Demystifying Action Space Design for Robotic Manipulation Policies
This research provides a systematic empirical understanding of action space design for robotic manipulation policy learning, offering guidance for practitioners and researchers in robotics.
This paper investigates the impact of action space design on imitation-based robotic manipulation policy learning, a factor often overlooked in favor of data and model scaling. Through over 13,000 real-world robot rollouts and evaluation of 500+ models, the study found that delta action predictions consistently improve performance, while joint-space actions offer better control stability and task-space actions improve generalization.

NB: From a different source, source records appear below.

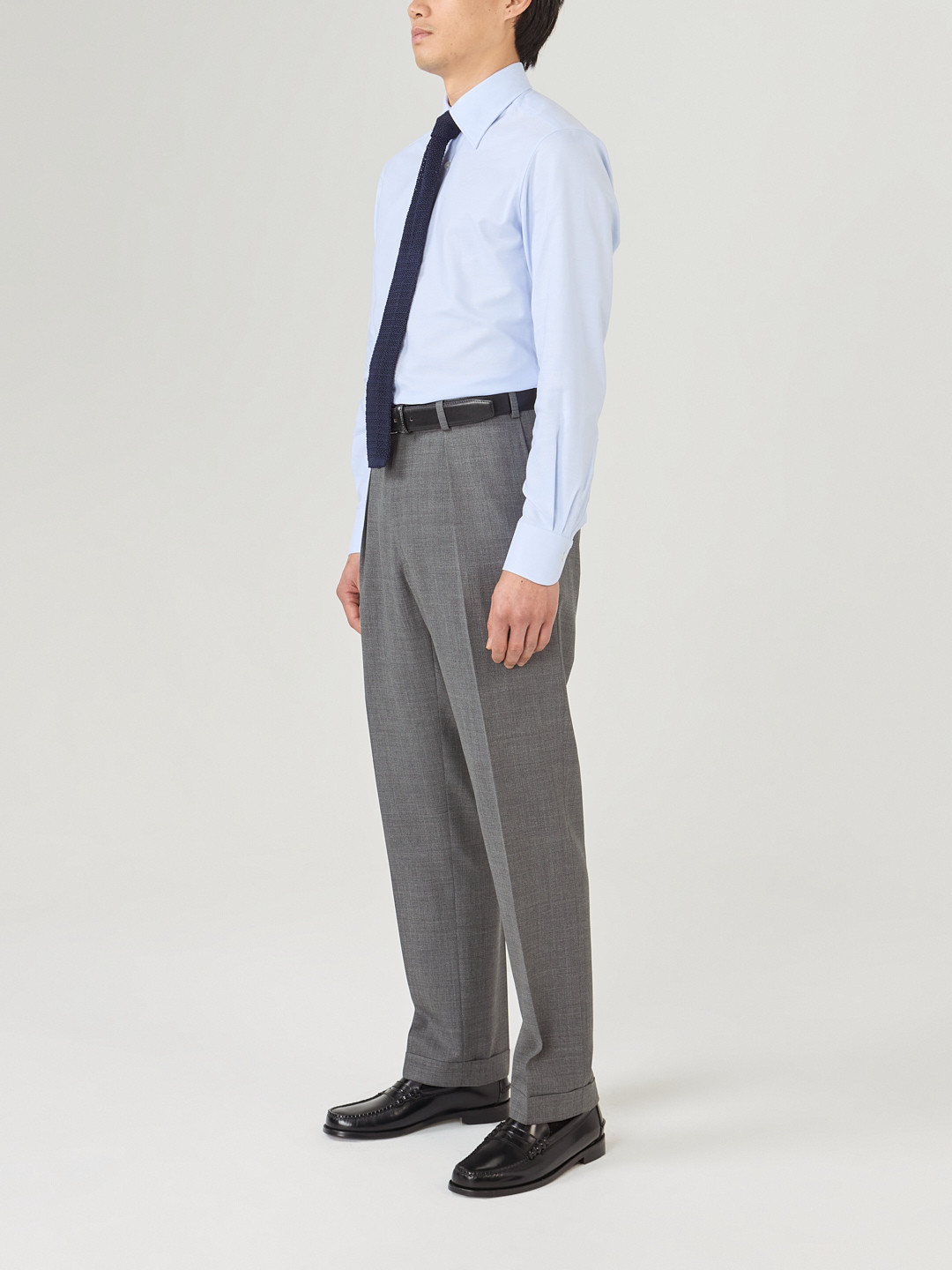 Tous nos vêtements sont coupés à la demande, nous pouvons donc réaliser la coupe ou le style que vous souhaitez indépendamment des modèles présentés ici. Demandez-nous.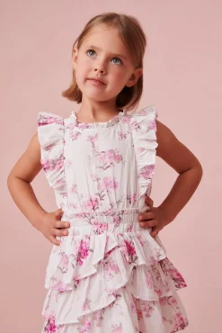 The Decker Dress for girls returns in 100% cotton with custom lace and a dainty floral print. This easy frock has a ruffle-trimmed collar, buttons down center front, flutter sleeves, an elastic waist and overlapping asymmetrical ruffles at the skirt.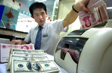 Counting Chinese currency in Jiangsu Province (photo: Reuters).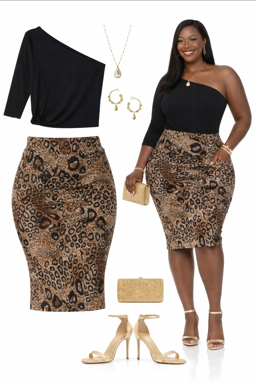 👠 Style Tip: Tuck in a neutral blouse or sweater and finish with gold accessories and heels for that “rich auntie” energy.
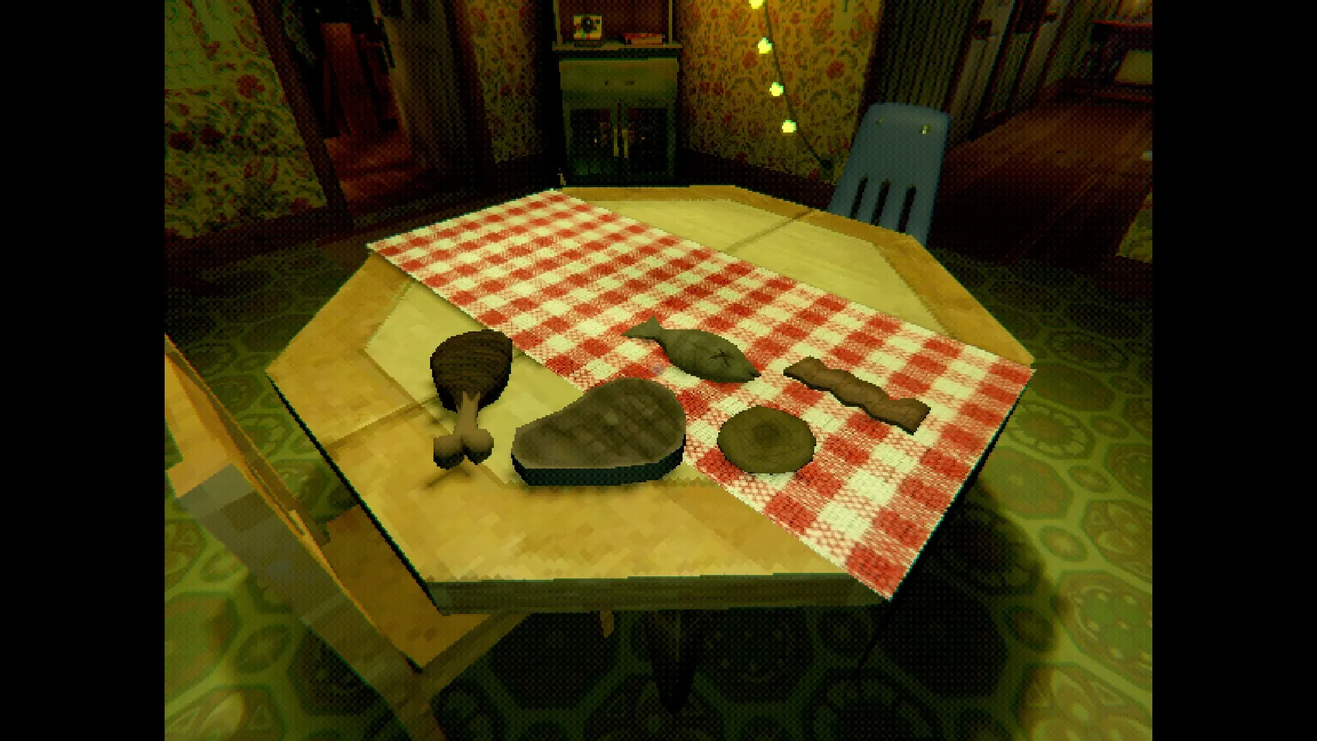 Burnt chicken, steak, fish, egg and bacon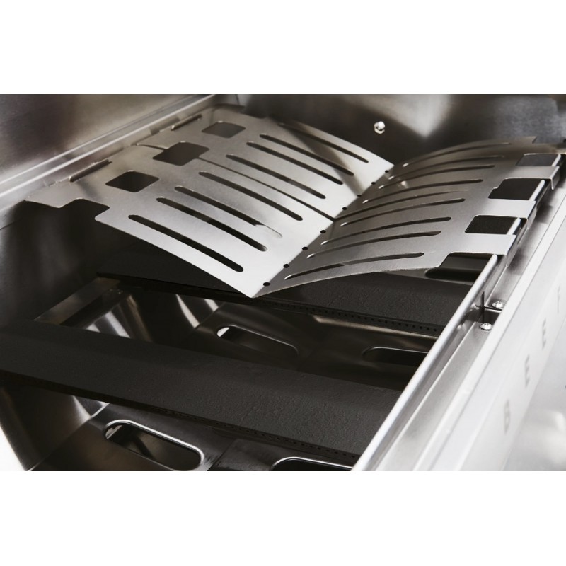 BeefEater 7000 Classic 4 degiklių įmontuojama kepsninė – tai aukščiausios kokybės lauko kepimo sprendimas, sujungiantis profesionalų našumą ir išskirtinį dizainą. Jos tvirta konstrukcija iš 304 klasės nerūdijančio plieno užtikrina ilgaamžiškumą, o galingi degikliai leidžia pasiekti aukštą temperatūrą greitai ir tolygiai. Integruotas stiklo langas leidžia stebėti kepimą neatidarant dangčio, taip išlaikant pastovią temperatūrą.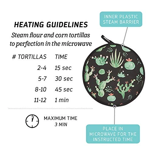 - TABLE READY: These cotton tortilla warmers with 11 in. diamater feature an adorable print that will delight any dinner or party guest. The special pocket conceals extra tortillas on the table while keeping them warm and ready-to-eat. Care: Machine wash cold, lay flat to dry.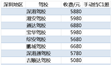 深圳考驾照价格表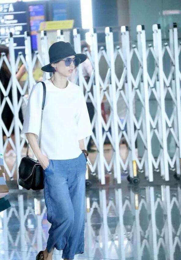 黑色的帽子使得臉看起來特別的小,白色的短袖搭配闊腳褲很有張力的打扮,這一身看起來是非常的舒服的搭配了。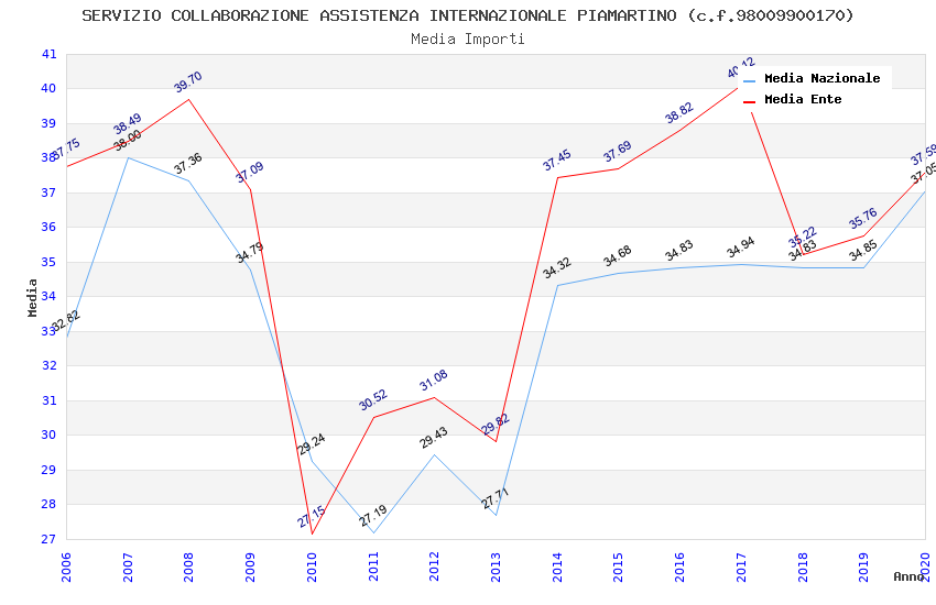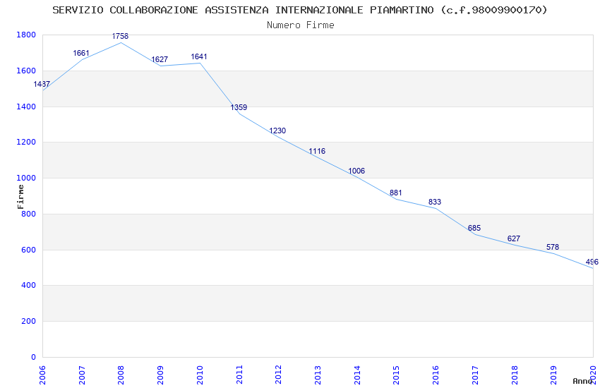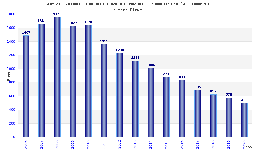 | Anno | Firme | Importi | Media | Naz. | Reg. | Prov. | Comu. |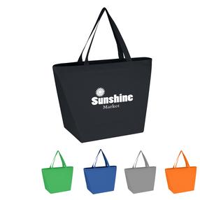 This bag has all the right ingredients for a successful promotion! Measuring 11 1/2" x 15 1/2" with a 9 1/2" gusset, the 80 GSM polypropylene Big Kahuna features 19" long reinforced handles to carry comfortably, a bottom panel insert and aluminum lining insulation that will keep food hot or cold. Offered in several vibrant colors, a zipper closure and front pocket are also included. Customized with your logo, you'll get brand exposure down each aisle!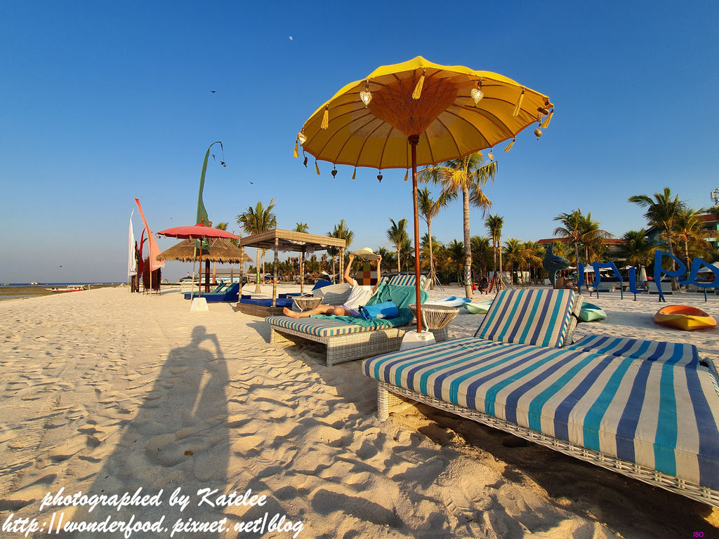 沙灘旁放了各式各樣很蘇胡的沙發椅,非常有渡假的感覺

The specification of the action space plays a pivotal role in imitation-based robotic manipulation policy learning, fundamentally shaping the optimization landscape of policy learning. While recent advances have focused heavily on scaling training data and model capacity, the choice of action space remains guided by ad-hoc heuristics or legacy designs, leading to an ambiguous understanding of robotic policy design philosophies. To address this ambiguity, we conducted a large-scale and systematic empirical study, confirming that the action space does have significant and complex impacts on robotic policy learning. We dissect the action design space along temporal and spatial axes, facilitating a structured analysis of how these choices govern both policy learnability and control stability. Based on 13,000+ real-world rollouts on a bimanual robot and evaluation on 500+ trained models over four scenarios, we examine the trade-offs between absolute vs. delta representations, and joint-space vs. task-space parameterizations. Our large-scale results suggest that properly designing the policy to predict delta actions consistently improves performance, while joint-space and task-space representations offer complementary strengths, favoring control stability and generalization, respectively.